**Material to process:**
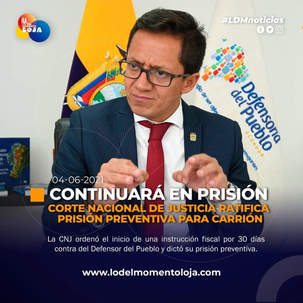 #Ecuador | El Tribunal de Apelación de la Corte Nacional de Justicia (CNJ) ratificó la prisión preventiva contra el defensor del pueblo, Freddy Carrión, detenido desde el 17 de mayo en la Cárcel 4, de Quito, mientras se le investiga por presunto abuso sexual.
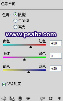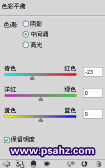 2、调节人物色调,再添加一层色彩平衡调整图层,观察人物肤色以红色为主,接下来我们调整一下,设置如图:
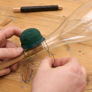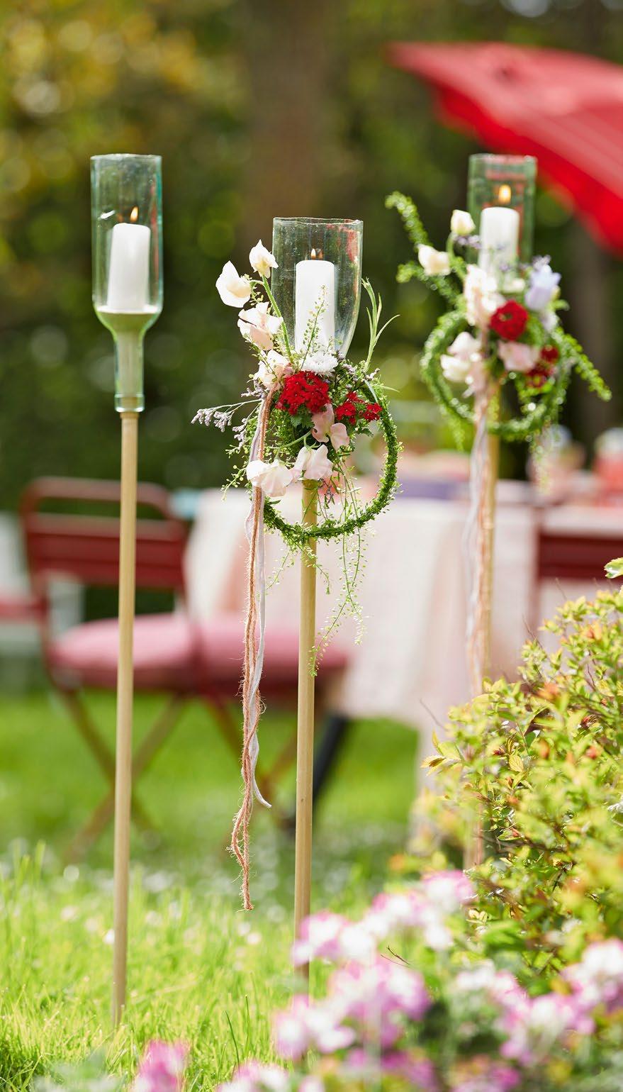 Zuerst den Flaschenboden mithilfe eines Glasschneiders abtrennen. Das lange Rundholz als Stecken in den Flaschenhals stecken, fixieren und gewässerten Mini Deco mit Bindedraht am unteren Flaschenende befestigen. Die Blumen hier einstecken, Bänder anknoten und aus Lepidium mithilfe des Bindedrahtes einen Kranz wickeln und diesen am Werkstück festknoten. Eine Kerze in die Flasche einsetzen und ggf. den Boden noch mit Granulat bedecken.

...

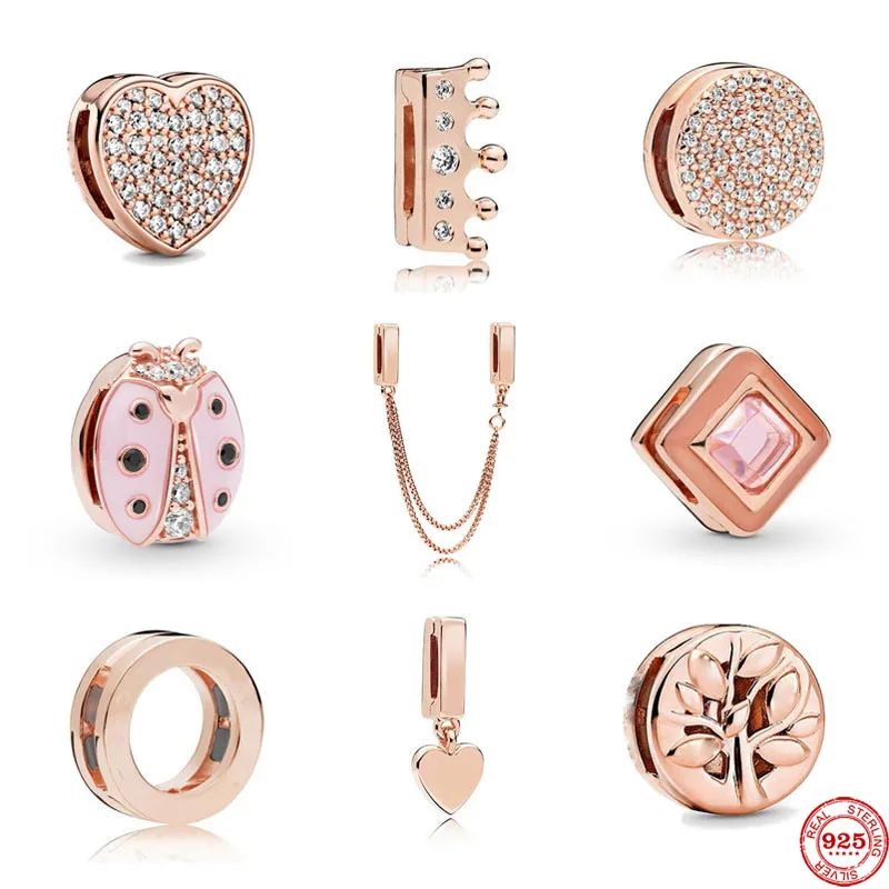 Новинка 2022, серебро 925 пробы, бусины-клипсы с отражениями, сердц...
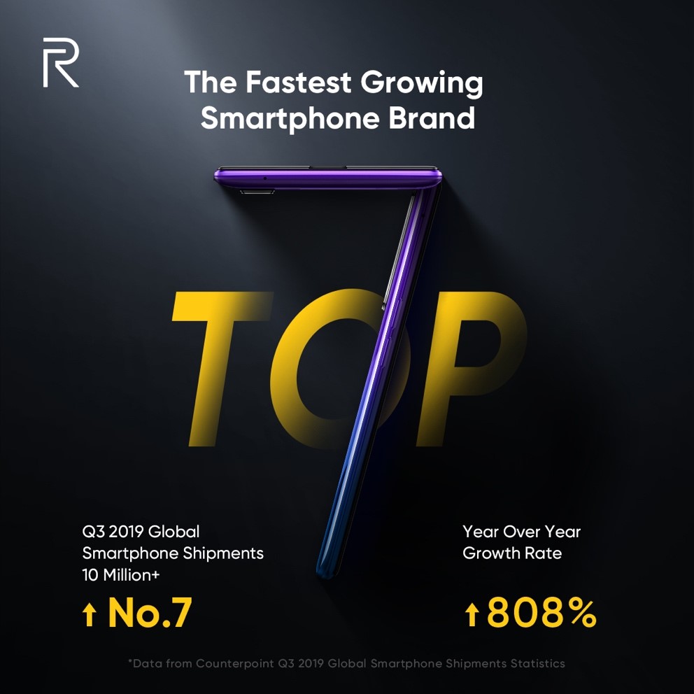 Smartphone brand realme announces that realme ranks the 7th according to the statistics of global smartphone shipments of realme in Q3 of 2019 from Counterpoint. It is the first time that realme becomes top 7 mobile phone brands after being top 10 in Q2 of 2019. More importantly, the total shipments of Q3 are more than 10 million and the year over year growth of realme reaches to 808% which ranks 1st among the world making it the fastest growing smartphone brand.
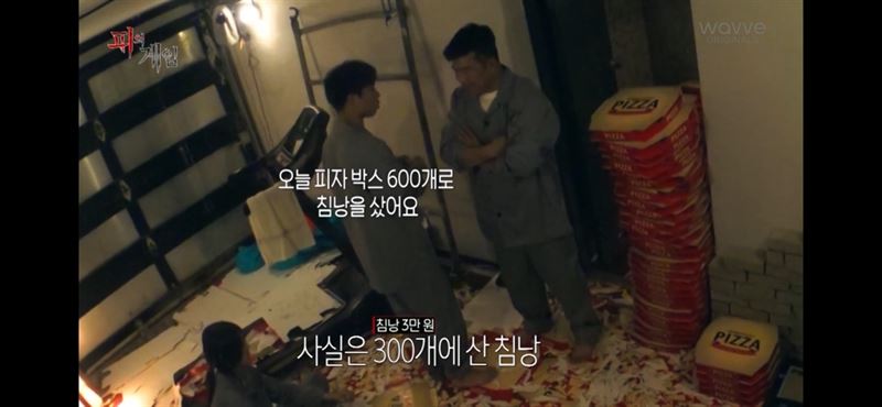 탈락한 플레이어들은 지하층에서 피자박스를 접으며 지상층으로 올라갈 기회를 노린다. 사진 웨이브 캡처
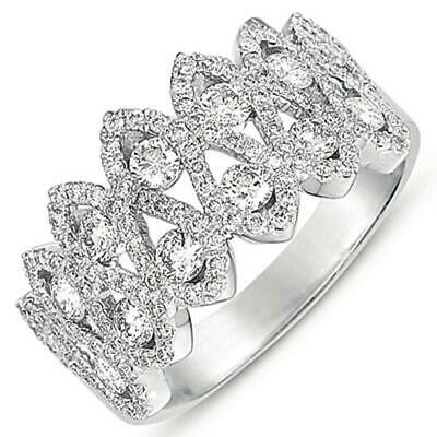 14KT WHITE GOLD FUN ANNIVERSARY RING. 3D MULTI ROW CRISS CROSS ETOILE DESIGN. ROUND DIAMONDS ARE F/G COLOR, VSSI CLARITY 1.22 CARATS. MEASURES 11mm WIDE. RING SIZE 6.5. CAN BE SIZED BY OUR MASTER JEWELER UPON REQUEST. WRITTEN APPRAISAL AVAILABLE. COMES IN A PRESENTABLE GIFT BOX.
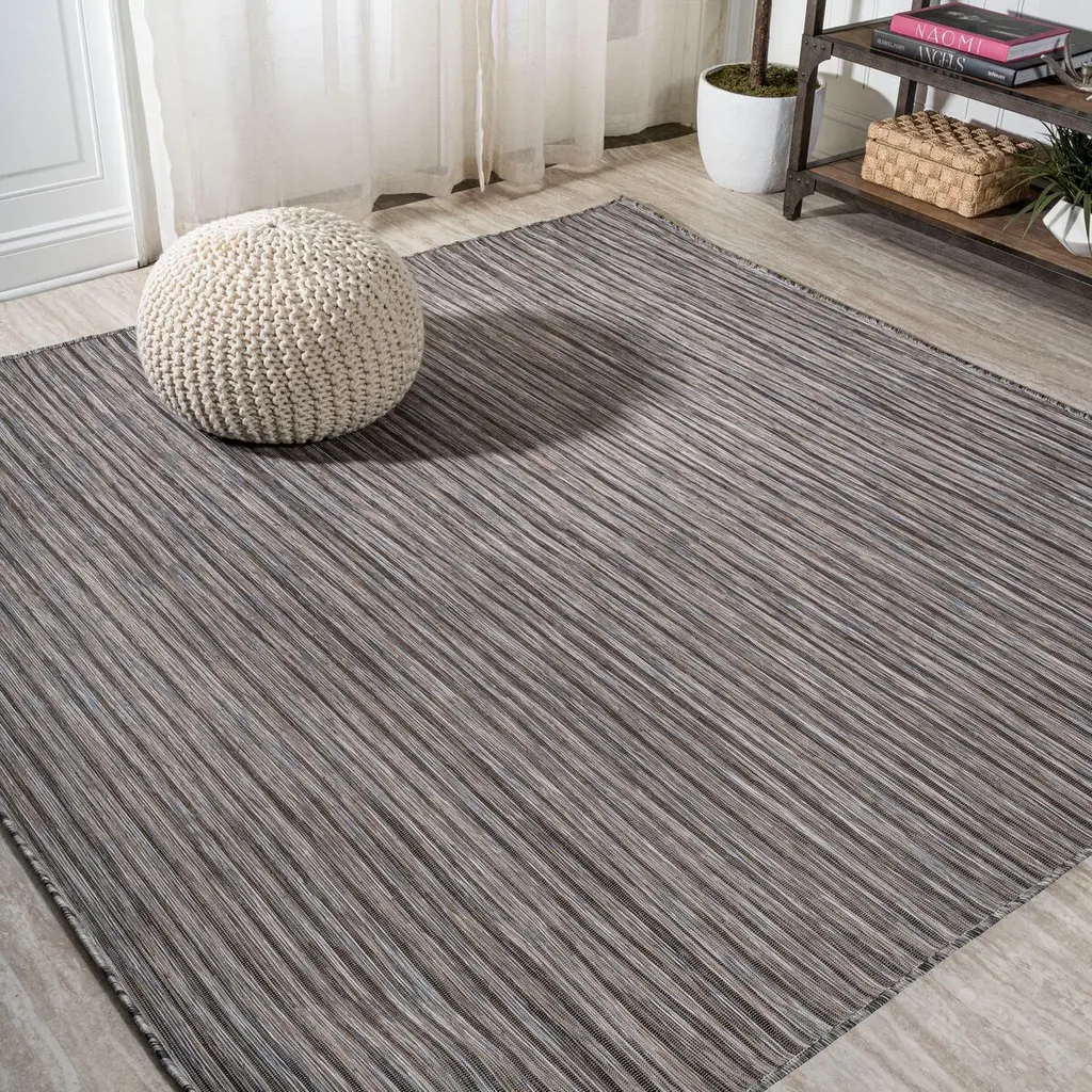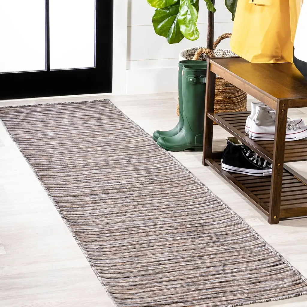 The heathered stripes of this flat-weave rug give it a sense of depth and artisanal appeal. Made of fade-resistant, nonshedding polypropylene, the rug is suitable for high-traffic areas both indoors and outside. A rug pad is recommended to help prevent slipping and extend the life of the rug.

**What is required:** From the material above, reproduce only what runs from the line holding "Новинка 2022, серебро" down to the line holding "The heathered stripes", both included, pictures excluded.

**Exercise result:**
 Новинка 2022, серебро 925 пробы, бусины-клипсы с отражениями, сердц...
 Smartphone brand realme announces that realme ranks the 7th according to the statistics of global smartphone shipments of realme in Q3 of 2019 from Counterpoint. It is the first time that realme becomes top 7 mobile phone brands after being top 10 in Q2 of 2019. More importantly, the total shipments of Q3 are more than 10 million and the year over year growth of realme reaches to 808% which ranks 1st among the world making it the fastest growing smartphone brand.
 탈락한 플레이어들은 지하층에서 피자박스를 접으며 지상층으로 올라갈 기회를 노린다. 사진 웨이브 캡처
 14KT WHITE GOLD FUN ANNIVERSARY RING. 3D MULTI ROW CRISS CROSS ETOILE DESIGN. ROUND DIAMONDS ARE F/G COLOR, VSSI CLARITY 1.22 CARATS. MEASURES 11mm WIDE. RING SIZE 6.5. CAN BE SIZED BY OUR MASTER JEWELER UPON REQUEST. WRITTEN APPRAISAL AVAILABLE. COMES IN A PRESENTABLE GIFT BOX.
 The heathered stripes of this flat-weave rug give it a sense of depth and artisanal appeal. Made of fade-resistant, nonshedding polypropylene, the rug is suitable for high-traffic areas both indoors and outside. A rug pad is recommended to help prevent slipping and extend the life of the rug.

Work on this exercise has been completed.